- [pdf] [code]
Class Concentration with Twin Variational Autoencoders for Unsupervised Cross-modal Hashing
Multi-modal deep hash learning is arguably one of the most commonly used unsupervised methods in cross-modal retrieval tasks. Most existing deep hashing methods focus on maintaining similarity information in the hash code learning step. Although accurate and compact binary representations are learned, these methods fail to encourage discriminative learning of features. In this paper, we propose a new method called Class Concentrated Variational auto-encoder (CCTV) to learn discriminative hash codes. The novelty of CCTV lies in two aspects.
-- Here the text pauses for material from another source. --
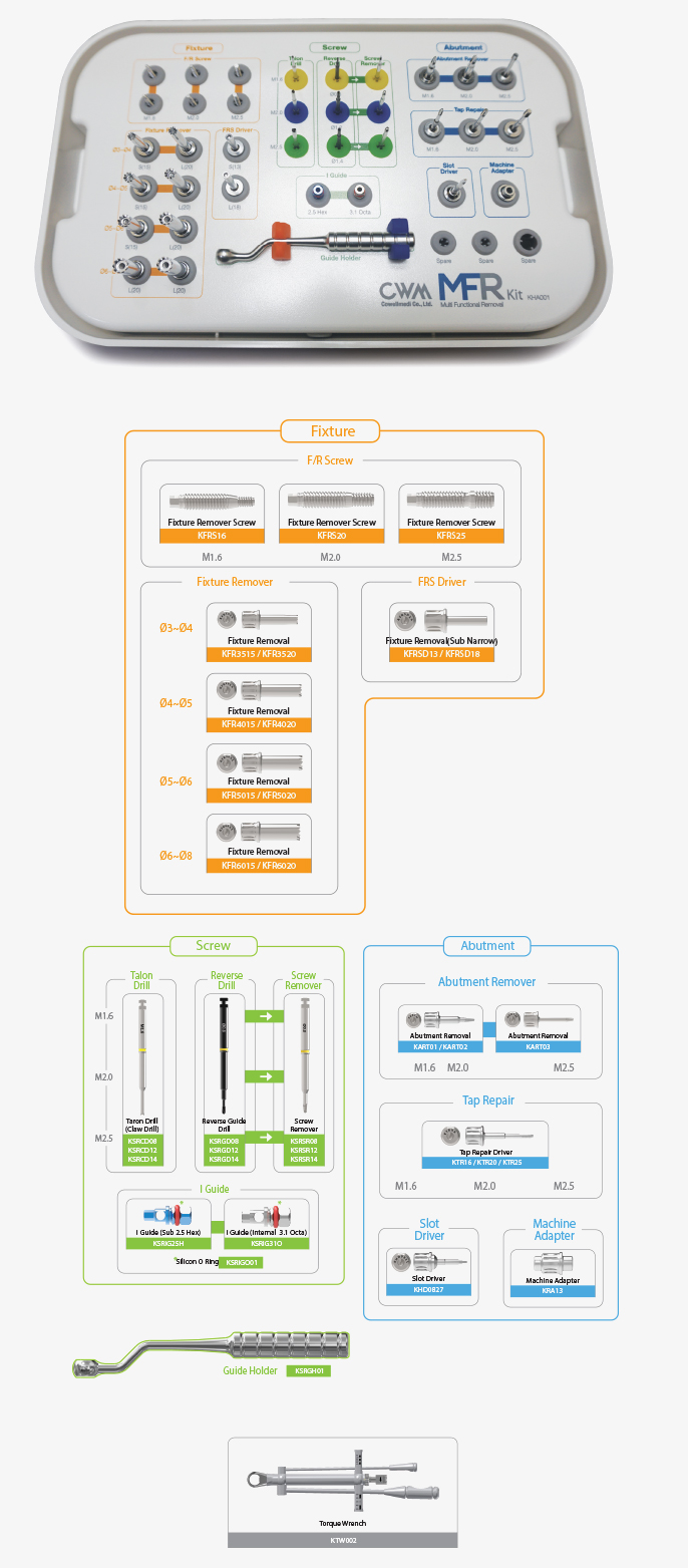 번거로운 파절 Fixture / Screw / Abutment 의 손쉬운 제거

First, the proposed method focuses on the concentration of the mean vector of latent features. Based on the assumption that the features in the shared latent space produce multivariate Gaussian, CCTV updates the mean vectors and the cluster centroids of the latent features at the same time by minimizing the class concentration loss, so as to narrow the distance between the cluster centroids and the mean vectors, and further make the concentration More compact. Secondly, under the constraints of raw similarity information, CCTV is different from previous works, it uses the mean vector of latent features as the representation of the images to reduce the influence of variance, and then embeds them in the Hamming space. Our experimental evaluation of four multimedia benchmarks shows a significant improvement over the state-of-the-art methods.